* **What you are asked to do**
Stop after the line with "Bring some retro". Up to that point, output every line of the listing below exactly from the first one onward, skipping pictures.

* **Raw data**
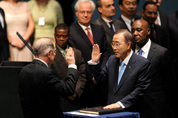 ▲ 연임에 성공한 반기문 유엔 사무총장이 21일(현지시각) 미국 뉴욕의 유엔 본부에서 취임선서를 하고 있다. 이날 오후 열린 총회에서 192개 회원국은 만장일치로 반 총장의 연임안을 최종 통과 시켰다. 반 총장은 한국인으로는 처음으로, 아시아인으로는 우 탄트 이후 45년 만에 유엔 사무총장에 재선됐다. 반 총장은 내년 1월1일 부터 5년간 다시 유엔을 이끌게 됐다./연합뉴스
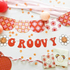 Bring some retro vibes to your party with our Groovy Banner. Perfect for bachelorette parties or any hippie-themed celebration or birthday party. The banner features bold G-R-O-O-O-V-Y letters in a burnt orange and classic retro cheerful smiley floral daisies. The 8 ft long string makes it easy to hang and adds a psychedelic touch to your vintage hippie decor.
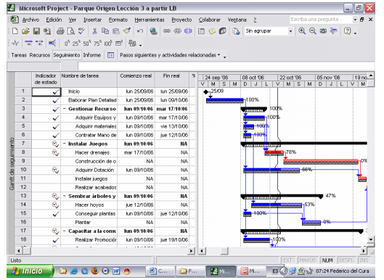 EN ESTE PROGRAMA PODEMOS REALIZAR LA PLANEACIÓN DEL PROYECTO MEDIANTE UNA HERRAMIENTA YA SE AUTOMÁTICA O MANUALMANUAL SE DEBE ESCRIBIR LA TAREA DIRECTAMENTE Y ASIGNARLE LA TIEMPO DE DURACIÓN Y FECHA DE INICIOAUTOMÁTICA SOLAMENTE SE COLOCA LA DESCRIPCIÓN DE LA TAREA Y SE ASIGNA ÚNICAMENTE LA DURACIÓN DE LA FASE O TAREA Y AUTOMÁTICAMENTE EN EL CRONO GRAMA QUEDA REGISTRADOADEMAS D ESTA PLANEACIÓN PODEMOS VINCULAR LAS TAREAS ES DECIR QUE VAN ENLAZADAS Y PODER VER EN QUE MOMENTO SE DEBE INICIAR LA SIGUIENTE FASE Y ASÍ LOGRAR EL CUMPLIMIENTO OPORTUNO DE LOS PROYECTOS TENIENDO EN CUENTA LA ASIGNACIÓN DE HITOS QUE FACILITA LA INTERPRETACIÓN DE LA TAREA EN SU FINAL.

* **Reply**
 ▲ 연임에 성공한 반기문 유엔 사무총장이 21일(현지시각) 미국 뉴욕의 유엔 본부에서 취임선서를 하고 있다. 이날 오후 열린 총회에서 192개 회원국은 만장일치로 반 총장의 연임안을 최종 통과 시켰다. 반 총장은 한국인으로는 처음으로, 아시아인으로는 우 탄트 이후 45년 만에 유엔 사무총장에 재선됐다. 반 총장은 내년 1월1일 부터 5년간 다시 유엔을 이끌게 됐다./연합뉴스
 Bring some retro vibes to your party with our Groovy Banner. Perfect for bachelorette parties or any hippie-themed celebration or birthday party. The banner features bold G-R-O-O-O-V-Y letters in a burnt orange and classic retro cheerful smiley floral daisies. The 8 ft long string makes it easy to hang and adds a psychedelic touch to your vintage hippie decor.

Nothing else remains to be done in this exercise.